Para la corriente filosófica materialista, que es la que sigue G. Maestro, la mente humana no puede crear nada sin usar materiales del mundo real. Por tanto, el autor no está para inventar un universo paralelo estéril, sino para tomar los materiales de la realidad (la política, la historia, las pasiones humanas, las injusticias) y triturarlos, estirarlos o exagerarlos de forma estética para que los veamos mejor. Por ejemplo, García Márquez no inventó la masacre de las bananeras de Macondo, sino que tomó una masacre real en Colombia y la magnificó con la literatura para denunciar la verdad histórica.
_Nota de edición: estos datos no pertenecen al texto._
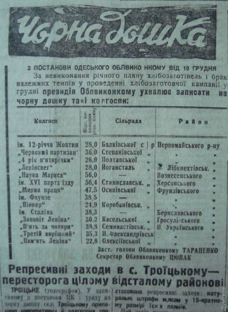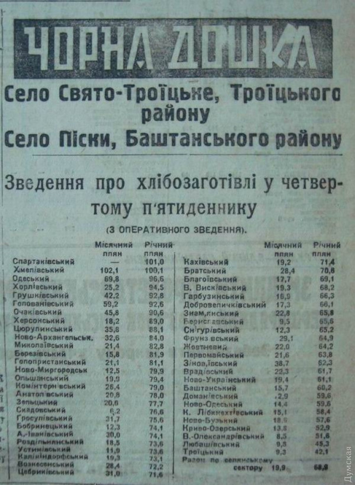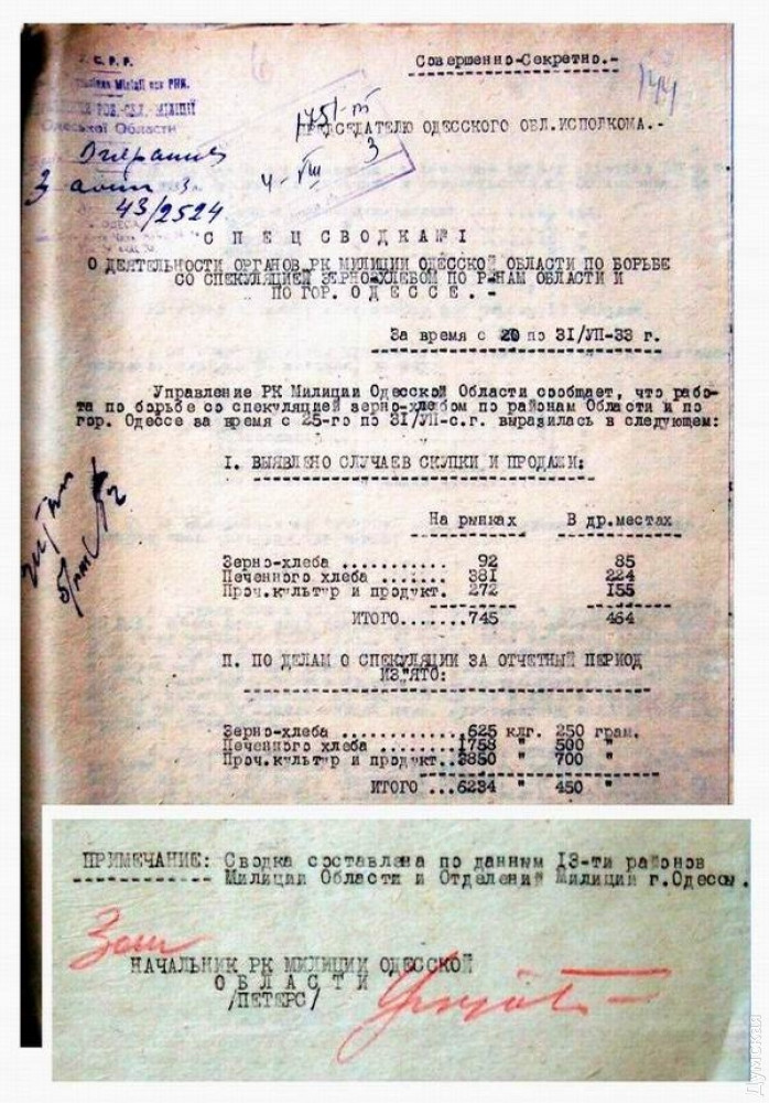 - что торговля указанными видами хлеба может быть разрешена колхозникам и единоличникам лишь после полного выполнения плана хлебозаготовок Одесской областью.

Un autor neoténico es mal autor porque te sumerge en la fantasía y quiere que te la creas como un dogma. Así, un fan de Tolkien discute sobre la genealogía de los elfos como si estos existieran. Es una discusión pueril por lo estéril, como don Quijote discutía sobre la genealogía de los caballeros andantes que admiraba. En cambio, un buen autor, el racionalista, te muestra la fantasía pero deja pistas lógicas y formales constantes que te recuerdan que estás ante una disección crítica del ser humano (como Cervantes al pintar a don Quijote de modo que se le vea ridículo en esas disquisiciones pueriles a sus cincuenta años de edad).
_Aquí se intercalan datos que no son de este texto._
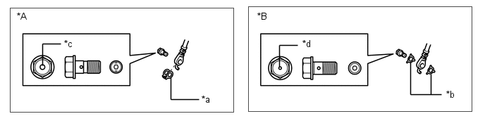 | (d) Reposer le flexible avant sur le support d'amortisseur avec le boulon. Torque: 29 N·m {296 kgf·cm, 21 ft·lbf} REMARQUE: Le boulon serre le flexible avant et le capteur de vitesse avant. S'assurer que le flexible se trouve au-dessus du capteur de vitesse avant. |

Esto es así porque, para Maestro, el autor de literatura de verdad es el equivalente a un filósofo o a un científico social. Su función es objetivar el pensamiento. Escribe para plantear problemas humanos que la ciencia o la historia no pueden resolver con números: el peso de la culpa (Dostoievski), la naturaleza del poder (Shakespeare) o los límites de la locura (Cervantes).
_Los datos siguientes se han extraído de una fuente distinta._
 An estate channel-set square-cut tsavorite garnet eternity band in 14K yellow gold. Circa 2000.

Pero un autor maduro tampoco necesita salir al final de la obra a decir «¡Sorpresa, esto era mentira!». El lector racional ya sabe, desde la primera página, que la literatura es ficción. La grandeza del autor radica en mantener lo que Bertolt Brecht llamaba el «efecto de distanciamiento»: hacerte dudar e interpretar mientras lees, no al acabar.

En resumen: el autor no está para recordarte de forma infantil que «todo es un sueño suyo», sino para construir un artefacto verbal tan potente y tan bien anclado en la lógica humana que, aun siendo mentira, te obligue a comprender mejor las verdades del mundo real.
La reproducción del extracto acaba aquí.